Input for this task:
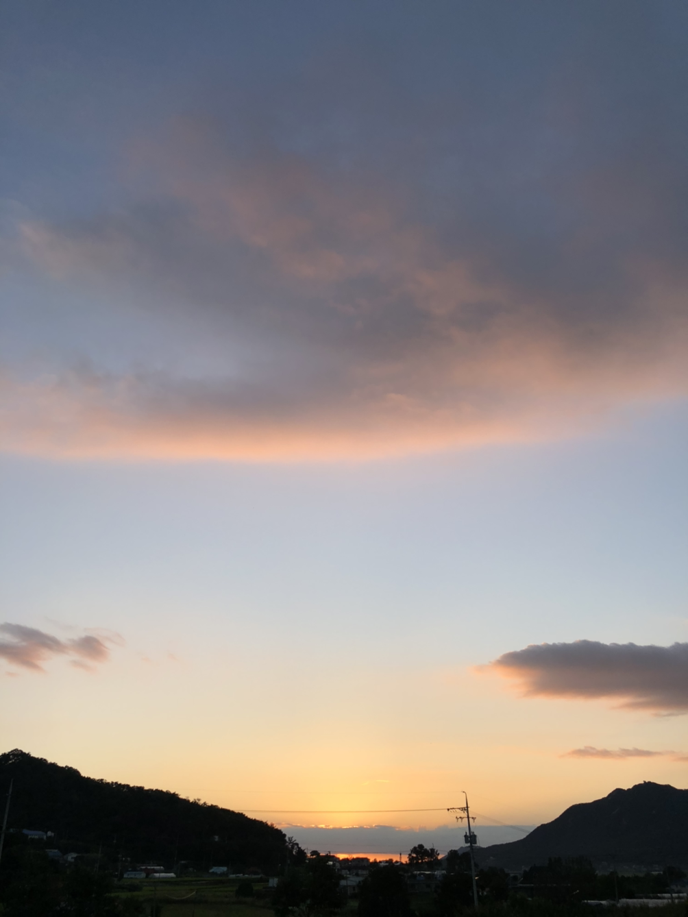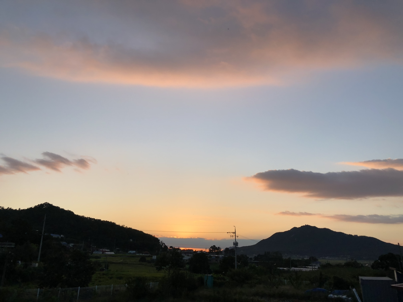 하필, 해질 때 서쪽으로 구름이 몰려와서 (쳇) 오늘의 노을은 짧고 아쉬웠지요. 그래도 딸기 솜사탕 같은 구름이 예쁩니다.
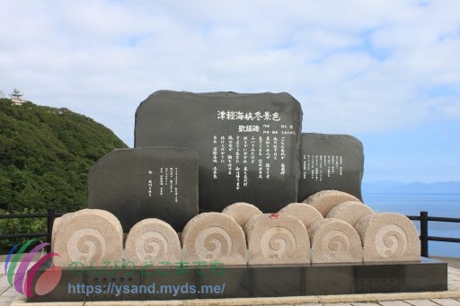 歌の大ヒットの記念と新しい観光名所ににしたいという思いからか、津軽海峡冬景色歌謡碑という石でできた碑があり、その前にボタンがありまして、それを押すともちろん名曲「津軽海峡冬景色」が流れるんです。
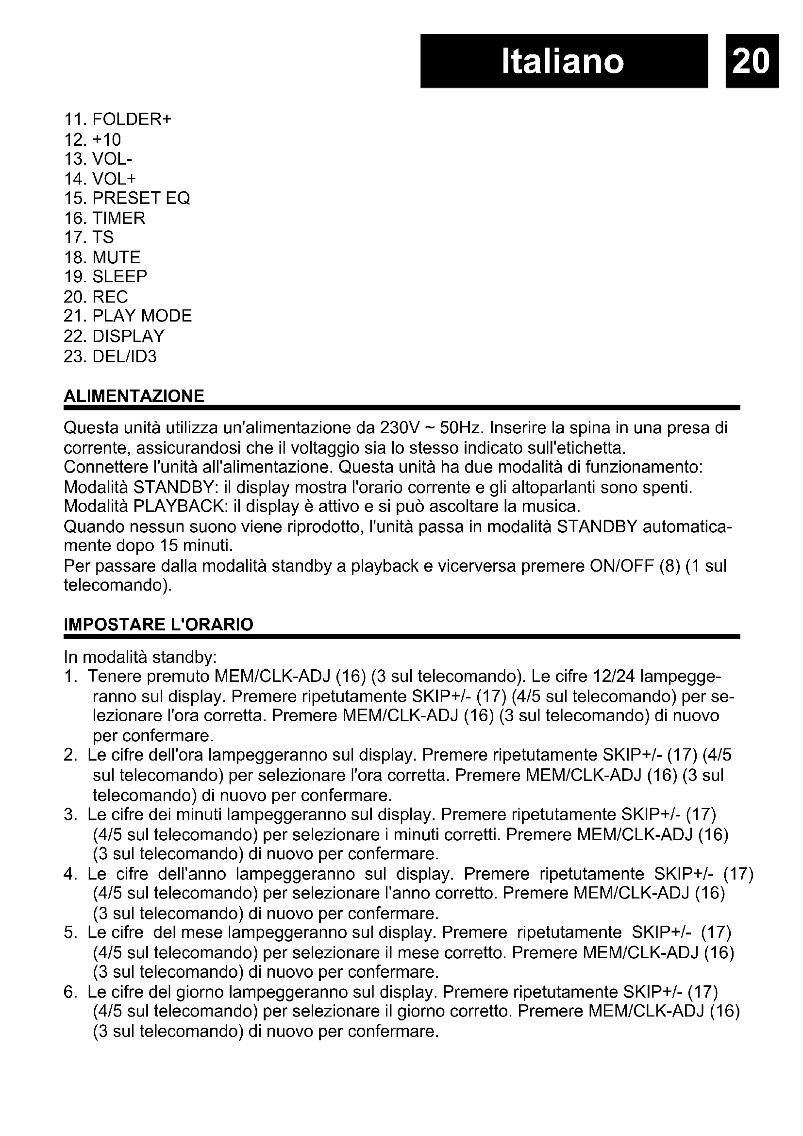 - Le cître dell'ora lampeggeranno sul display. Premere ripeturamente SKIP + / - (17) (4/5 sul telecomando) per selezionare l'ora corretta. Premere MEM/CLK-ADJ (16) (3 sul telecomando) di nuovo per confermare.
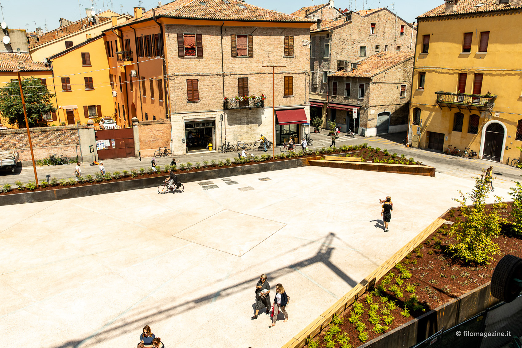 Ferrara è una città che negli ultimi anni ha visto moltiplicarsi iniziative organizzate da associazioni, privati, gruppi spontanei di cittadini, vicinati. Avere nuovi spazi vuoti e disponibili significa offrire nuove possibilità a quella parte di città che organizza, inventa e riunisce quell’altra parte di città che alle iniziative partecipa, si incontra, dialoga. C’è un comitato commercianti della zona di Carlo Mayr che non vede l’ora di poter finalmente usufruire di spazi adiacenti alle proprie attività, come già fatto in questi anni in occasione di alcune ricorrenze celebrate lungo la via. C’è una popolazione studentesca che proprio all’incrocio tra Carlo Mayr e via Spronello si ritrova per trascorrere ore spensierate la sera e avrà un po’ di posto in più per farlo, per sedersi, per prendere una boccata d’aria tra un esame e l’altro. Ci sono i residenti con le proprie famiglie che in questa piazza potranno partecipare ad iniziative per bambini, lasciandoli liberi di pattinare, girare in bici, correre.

==

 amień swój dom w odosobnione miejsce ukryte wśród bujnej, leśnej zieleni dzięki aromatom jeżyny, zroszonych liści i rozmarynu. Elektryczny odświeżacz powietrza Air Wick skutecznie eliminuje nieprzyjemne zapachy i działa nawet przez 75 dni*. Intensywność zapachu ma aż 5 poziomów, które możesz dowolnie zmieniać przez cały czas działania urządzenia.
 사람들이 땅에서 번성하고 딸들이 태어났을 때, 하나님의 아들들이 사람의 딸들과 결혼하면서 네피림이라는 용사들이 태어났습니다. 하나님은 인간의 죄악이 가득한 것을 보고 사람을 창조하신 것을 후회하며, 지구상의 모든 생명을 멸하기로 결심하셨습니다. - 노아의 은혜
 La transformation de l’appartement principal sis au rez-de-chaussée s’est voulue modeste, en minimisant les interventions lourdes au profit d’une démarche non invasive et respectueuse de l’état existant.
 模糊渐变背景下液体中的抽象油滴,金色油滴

Work task:
Quote the data above exactly from the line with "하필, 해질 때 서쪽으로" to the line with "- Le cître dell'ora", both ends counted, and nothing else. Pictures don't go in.

Response:
 하필, 해질 때 서쪽으로 구름이 몰려와서 (쳇) 오늘의 노을은 짧고 아쉬웠지요. 그래도 딸기 솜사탕 같은 구름이 예쁩니다.
 歌の大ヒットの記念と新しい観光名所ににしたいという思いからか、津軽海峡冬景色歌謡碑という石でできた碑があり、その前にボタンがありまして、それを押すともちろん名曲「津軽海峡冬景色」が流れるんです。
 - Le cître dell'ora lampeggeranno sul display. Premere ripeturamente SKIP + / - (17) (4/5 sul telecomando) per selezionare l'ora corretta. Premere MEM/CLK-ADJ (16) (3 sul telecomando) di nuovo per confermare.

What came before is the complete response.